In 1775 we find Miss Lydia Languish's maid ransacking
the circulating libraries of Bath, and concealing under her
cloak
novels of sensibility and of fashionable scandal. Some twenty years
later, in the self-same city, Catherine Morland is "lost from all
worldly concerns of dressing or dinner over the pages of Udolpho,"
and Isabella Thorpe is collecting in her pocket- book the "horrid"

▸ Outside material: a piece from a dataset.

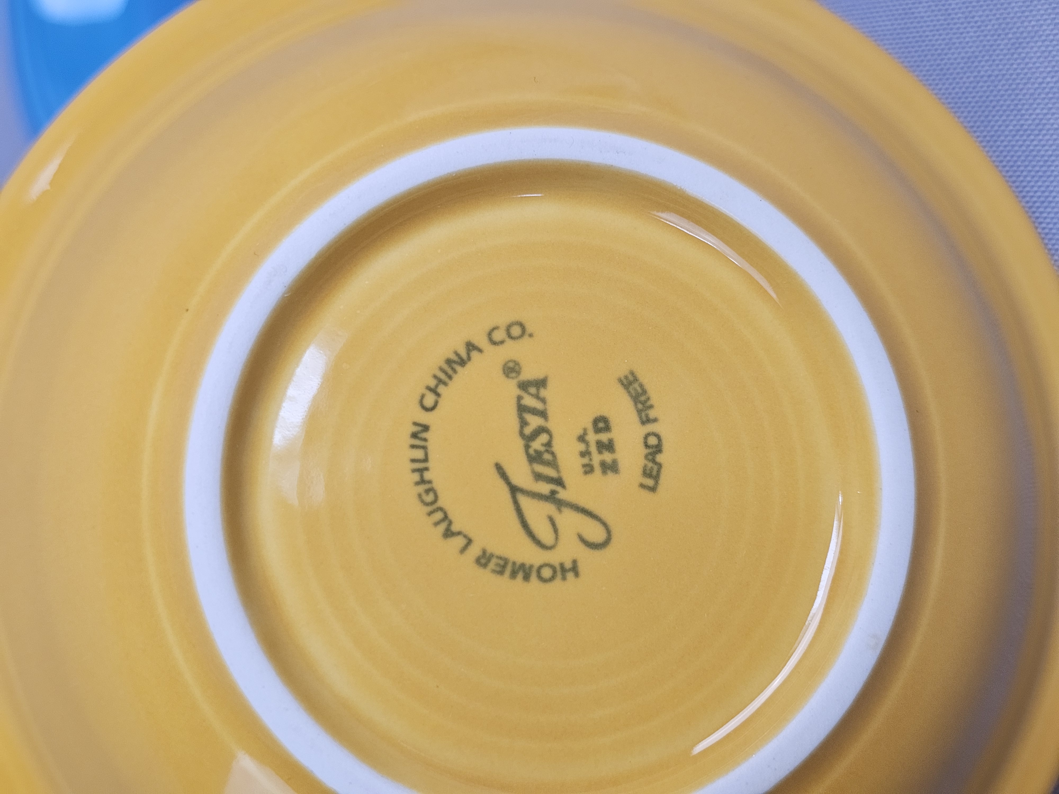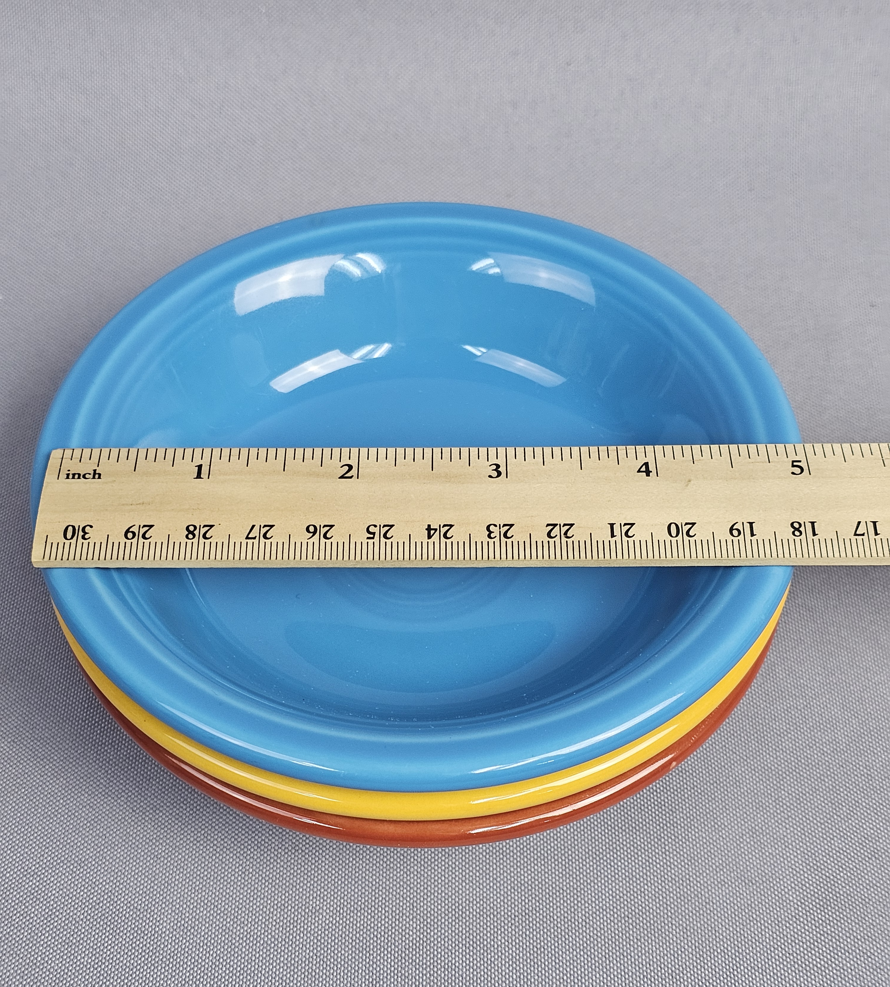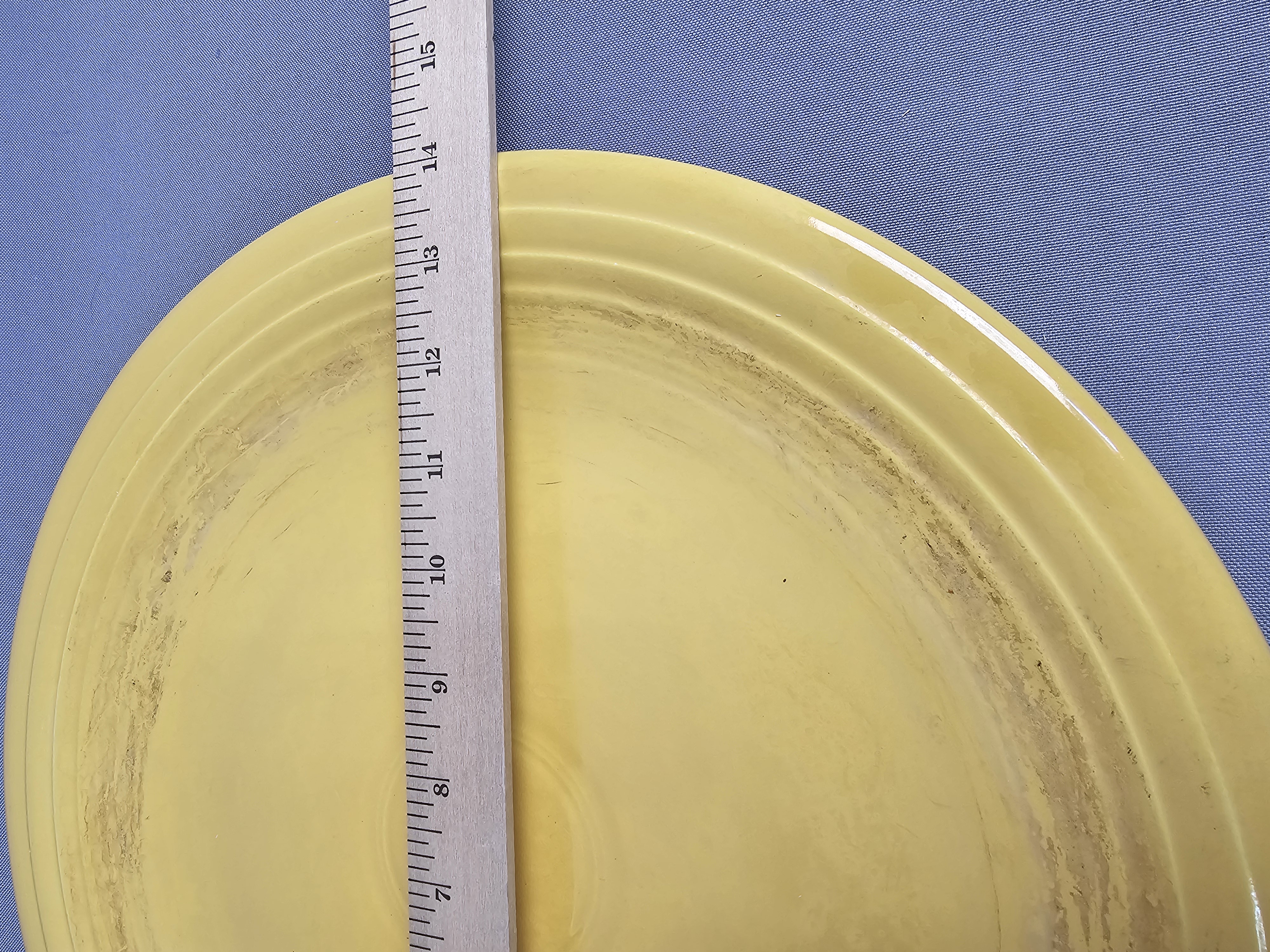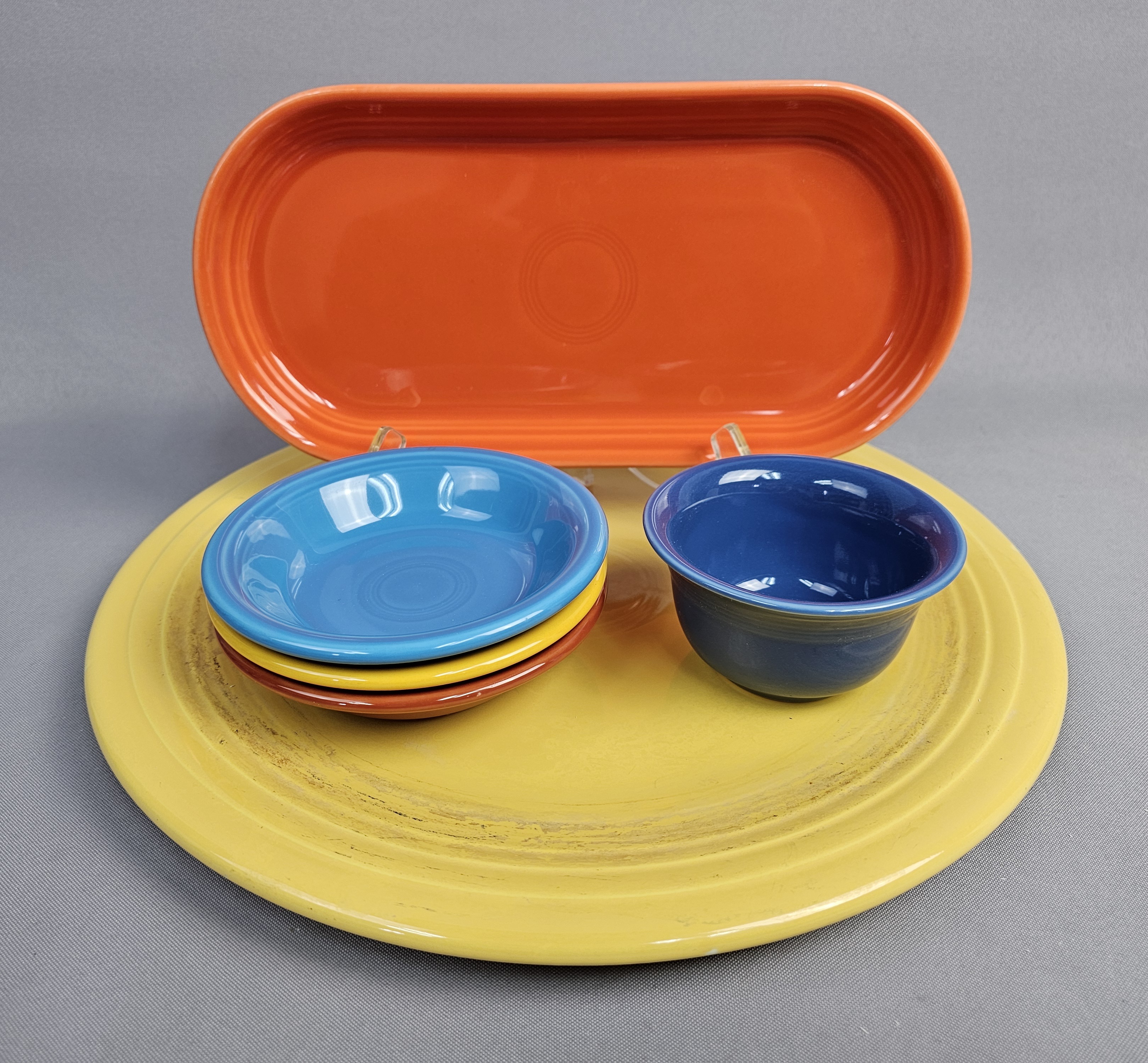 Large Round Platter: 14 inches diameter Oblong Sandwich Tray: 11.75 inches length Small Bowls: 5 inches diameter Medium Tapered Bowl: 2 inches tall The large yellow platter displays significant dark scuffing and utensil marks to the center well and several prominent chips on the underside of the rim. The remaining items appear to be in generally good condition with light surface wear and minor shelf wear to the bases consistent with age and use.

titles of romances from the German.
In 1814, apparently, the vogue of the
sentimental, the scandalous, the mysterious, and the horrid still
persisted. Scott, in the introductory Chapter to Waverley ,
disrespectfully passes in review the modish novels, which, as it
proved, were doomed to be supplanted by the series of romances he
was then beginning: "Had I announced in my frontispiece,
'Waverley, A Tale of Other Days,' must not every novel reader have
anticipated a castle scarce less than that of Udolpho, of which the
eastern wing has been long uninhabited, and the keys either lost or
consigned to the care of some aged butler or housekeeper, whose
trembling steps about the middle of the second volume were doomed to
guide the hero or heroine to the ruinous precincts? Would not the
owl have shrieked and the cricket cried in my very title page? and
could it have been possible to me with a moderate attention to
decorum to introduce any scene more lively than might be produced by
the jocularity of a clownish but faithful valet or the garrulous
narrative of the heroine's fille-de-chambre, when rehearsing the
stories of blood and horror which she had heard in the servant's
hall? Again, had my title borne 'Waverley, a Romance from the
German,' what head so obtuse as not to image forth a profligate
abbot, an oppressive duke, a secret and mysterious association of
Rosycrucians and Illuminati, with all their properties of black
cowls, caverns, daggers, electrical machines, trap- doors and dark
lanterns? Or, if I had rather chosen to call my work, 'A Sentimental
Tale,' would it not have been a sufficient presage of a heroine with
a profusion of auburn hair, and a harp, the soft solace of her
solitary hours, which she fortunately always finds means of
transporting from castle to cottage, though she herself be sometimes
obliged to jump out of a two - pair - of - stairs window and is more
than once bewildered on her journey, alone and on foot, without any
guide but a blowsy peasant girl, whose jargon she can scarcely
understand? Or again, if my Waverley had been entitled 'A Tale of
the Times,' wouldst thou not, gentle reader, have demanded from me a
dashing sketch of the fashionable world, a few anecdotes of private
scandal ... a heroine from Grosvenor Square, and a hero from the
Barouche Club or the Four in Hand, with a set of subordinate
characters from the elegantes of Queen Anne Street, East, or the
dashing heroes of the Bow Street Office?"